After years of focusing on one-off appearances, Jay-Z returned to the stage for three spectacular concerts in front of tens of thousands of people in his hometown of New York, the last disrupted by major logistical problems.
Organized in the packed Yankee Stadium in the Bronx, the three evenings saw a host of stars take the stage alongside the rapper, including his wife Beyoncé, Rihanna, Eminem, Pharrell Williams, Alicia Keys, Usher, Nas and Pusha T.
The third concert, Sunday evening, was marked by a delay of several hours.
According to the organizers, “hundreds” of fans tried to enter without tickets, forcing security to close the access and then open it slowly.
Result: spectators with tickets took hours to get in – some claiming on the networks that they never got there – and Jay-Z arrived on stage after midnight, visibly upset and apologizing for the wait.
Businessman
But after the incident, the crowd roared back to the successes of the 56-year-old rapper, ending with his mega hit “Empire State of Mind”, which has become the unofficial anthem of a city where each of his performances is hailed as a return to the roots.
“There are few hip-hop artists capable of filling a venue as legendary as Yankee Stadium.
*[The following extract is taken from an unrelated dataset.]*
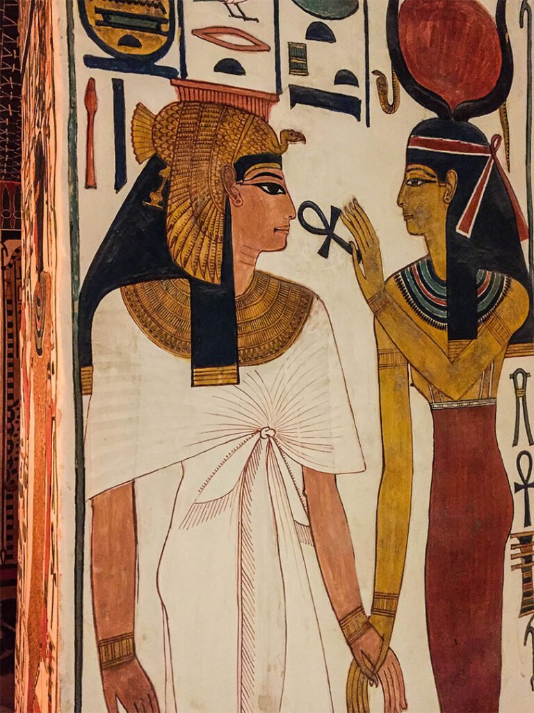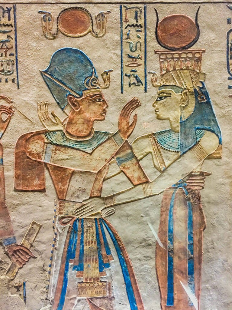 Les épouses royales ne se faisaient jamais enterrer avec leurs époux, d’ailleurs les enfants non plus. Les tombes sont donc dans deux vallées distinctes. Sur les décorations, on y voit l’épouse, le pharaon et les enfants que le souverain introduit auprès des dieux. Bon, les épouses ne sont quand même pas si souvent représentées.

Even rarer are those who achieve this by relying essentially on a repertoire dating back several decades,” observes Timothy Welbeck, researcher in African-American studies at Temple University, to AFP.
Jay-Z’s last album (“4:44”) dates back to 2017. But for two of his three concerts, he chose to focus on opuses dating back 30 years (“Reasonable Doubt”) and the second 25 years (“The Blueprint”), both having marked the history of hip-hop.
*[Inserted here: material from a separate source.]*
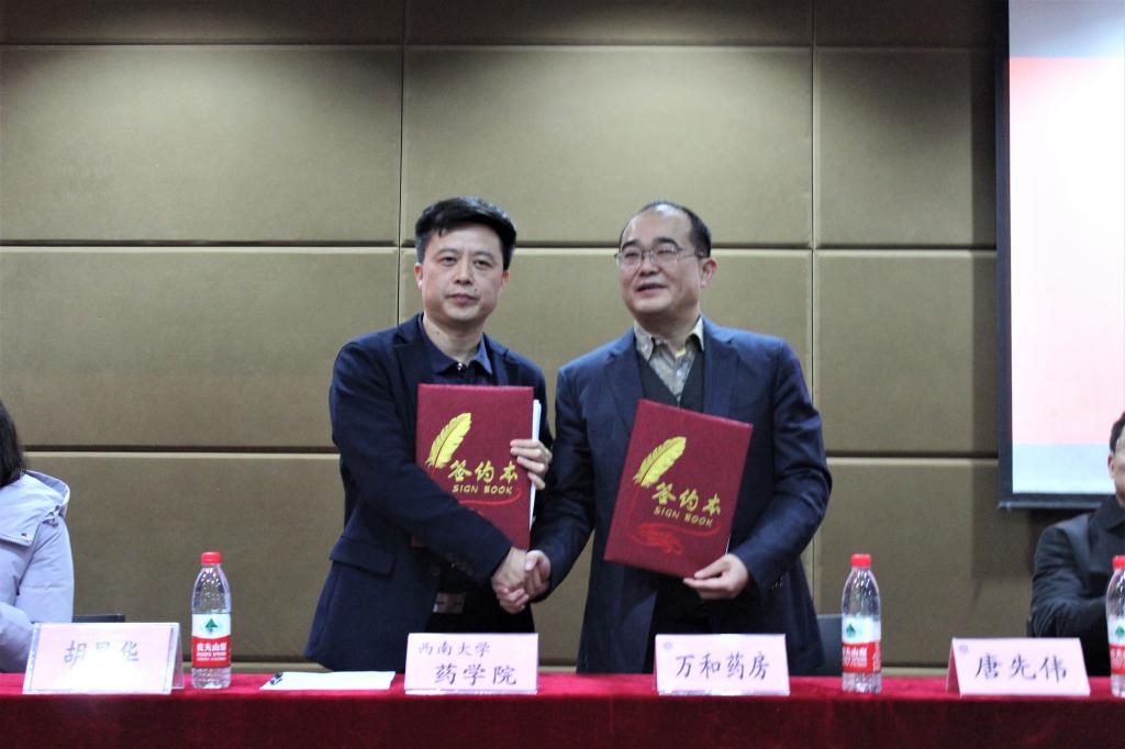 2018年12月29日下午,Betway必威西汉姆联官方网站与万和药业集团战略合作签约仪式在蚕学宫顺利举行。万和药业集团董事长唐先伟、万和药业集团副总裁张琳,万和药房人力资源部总监王小红、北碚区食药监分局局长张奕,西南大学学生工作部副部长高德香,Betway必威西汉姆联官方网站党委书记夏德全、院长胡昌华、党委副书记杨坚、副院长陈章宝、副院长陈敏、院长助理付志锋等代表出席签约仪式。

If he has more or less abandoned the stage and the studios, it is above all because the former small-time drug dealer from Brooklyn has today become a full-time businessman, the first billionaire rapper in history according to Forbes, financially involved in sport, spirits, the media and fashion.
Paris and London in September
Far from the street rap that forged his beginnings, the couple he formed with Beyoncé, another global superstar, has also reinforced his status as a glamorous icon, the two regularly appearing among the most influential personalities in the entertainment world.
Back on stage, the artist returned to the origins of his art, sharp. Stringing together titles, not necessarily hits, without letting go of the microphone for a second throughout the show, surveying the stage with obvious joy in a rather bare-bones setting given the gigantism of the place.
In the crowd, to each song, thousands of voices echoed back to him, a large part of the audience knowing the long texts of his songs by heart.
After filling Yankee Stadium three times for a cumulative total of 135,000 to 140,000 people, Jay-Z will perform in September at the Stade de France – which is not yet full -, as well as in London at the Tottenham stadium then finally in Los Angeles.
As a prelude to other new projects?
“Speculation is rife that a new Jay-Z album will be released later this year. If it were to see the light of day, this record could lead him to undertake a larger tour,” says Timothy Welbeck.